Generative model classic algorithm - VAE&GAN (including Python source code routines)

insert image description here

generate model

1 Overview

Deep learning is an artificial intelligence technology, and its biggest feature is the ability to analyze and process complex data. In deep learning, generative models and discriminative models are two important concepts that can help us better understand how deep learning works and achieve different tasks.

The difference between the generative model and the discriminative model is that the generative model predicts and generates new data by learning the joint distribution of the input data, while the discriminative model classifies and recognizes by learning the relationship between the input data and the output label.

Specifically, generative models are mainly used to generate new data samples, such as images, speech, text, etc. The basic idea is to generate new data by learning a joint distribution of input data and then sampling from this distribution. The most commonly used generative models include autoencoders, variational autoencoders, and generative adversarial networks.

insert image description here

Autoencoders are a simple but effective generative model whose basic idea is to compress input data into a low-dimensional space and then restore it back to the original space. Variational autoencoders are an upgraded version of autoencoders that can generate data with richer randomness and diversity. The generative confrontation network is composed of two parts, the generator and the discriminator, where the generator is used to generate new data samples, and the discriminator is used to judge whether the generated data is real or not.

insert image description here

In contrast, discriminative models are mainly used for classification and recognition tasks, such as image classification, speech recognition, natural language processing, etc. The basic idea is to perform classification and recognition by learning the relationship between input data and output labels. Common discriminative models include support vector machines, random forests, convolutional neural networks, etc.
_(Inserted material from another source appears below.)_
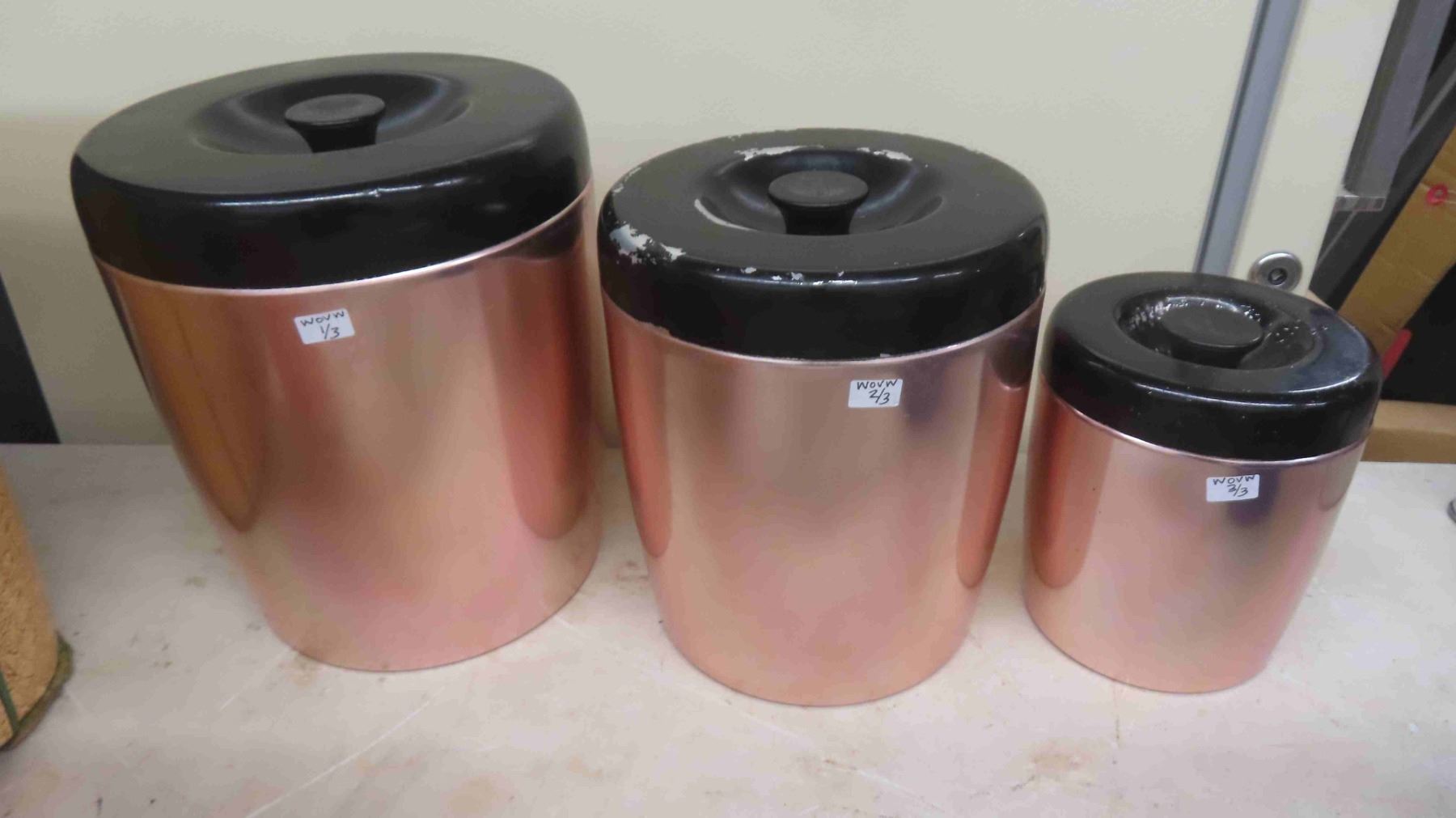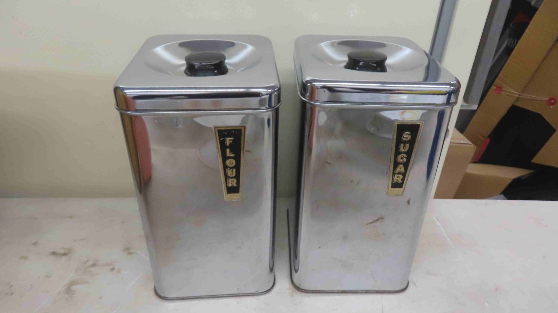 Vintage Canister Sets 2pce & 3pce , 2 Crystal Covered Candy Dishes, Footed Cake Plate , Vase , Metal Coffee Pot

The models involved in this column before this chapter are all discriminative models

Convolutional neural network is a very successful discriminative model, which has achieved great success in the field of image and natural language processing. Its basic structure is composed of multiple convolutional layers and pooling layers, which can extract the spatial and temporal characteristics of the data during the learning process, thereby realizing the classification and identification of the data.

2. Generate a typical structure of the model - VAE&GAN

2.1 FEET

2.1.1 Introduction

VAE is a generative model, the full name is Variational Autoencoder, and the Chinese name is Variational Autoencoder. It is an improved version of autoencoders, capable of generating data with richer randomness and diversity.
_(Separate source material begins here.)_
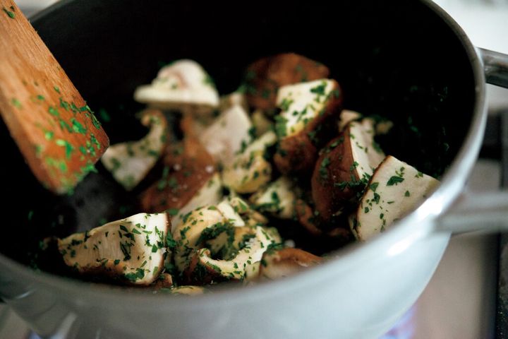 オリーブオイルで炒めたキノコとハーブを蒸して、旨味と香りを引き出す。
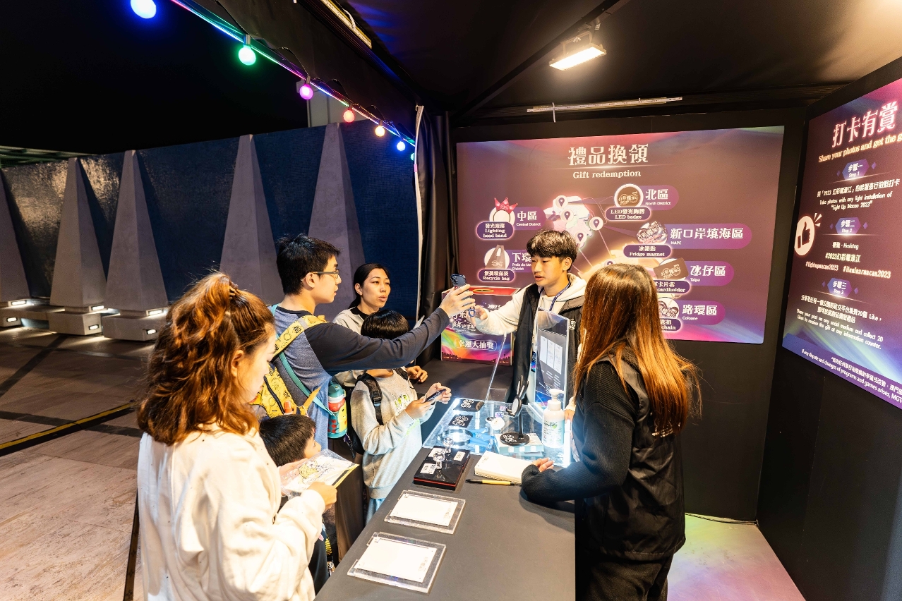 各區諮詢站的紀念品各有不同,中區 – 發光頭箍,下環區 – 便攜環保袋,南灣區 – 發光小夜燈,新口岸填海區 – 冰箱貼,北區 –發光胸牌,氹仔區 – 皮革卡片套,路環區 – 鎖匙扣,大家穿梭各區集齊7款。紀念品數量有限,送完即止。

VAE is to predict and generate new data by learning the potential distribution of input data. Different from traditional autoencoders, VAE introduces the concept of latent variables, compresses input data into a low-dimensional latent space, and then samples from this latent space to generate new data. This process can be seen as a random sampling process from a given distribution, so the generated samples are highly random and diverse.
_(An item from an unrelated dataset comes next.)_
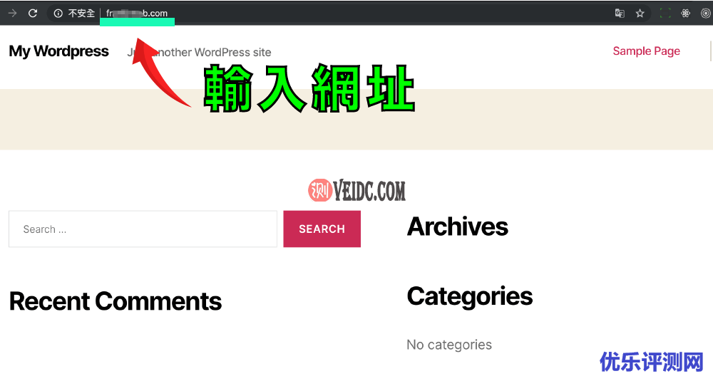 在浏览器中输入刚在SiteGround申请的域名,看一下努力的成果。

2.1.2 Model processing flow

Suppose we have the following network. The input is a set of vectors whose elements are all 1, and the output target is a cat face image. After many iterations of training, ideally, as long as the input is a vector with all 1 elements, we can get this cat face image. The principle of this idea is actually based on experience, that is, to save the image parameters, and through the fitting mapping of the network, the input is mapped to the saved image parameters.

=

The significance of this is to reduce the dimensionality of the cat face image information in the high-dimensional space to a vector in the low-dimensional space, and try to use more pictures. This time we use one-hot vectors instead of all ones. If [ 1 , 0 , 0 , 0 ] [1, 0, 0, 0][1,0,0,0 ] represents a cat, use[ 0 , 1 , 0 , 0 ] [0, 1, 0, 0][0,1,0,0 ] for dog. While this is fine, we can only store up to 4 images. So, we can increase the length of the vector and the parameters of the network, then we can get more pictures. For example, if this vector is defined as four-dimensional, and four different faces are expressed using one-hot expression, then this network can express four faces. Input different data, he will output different faces.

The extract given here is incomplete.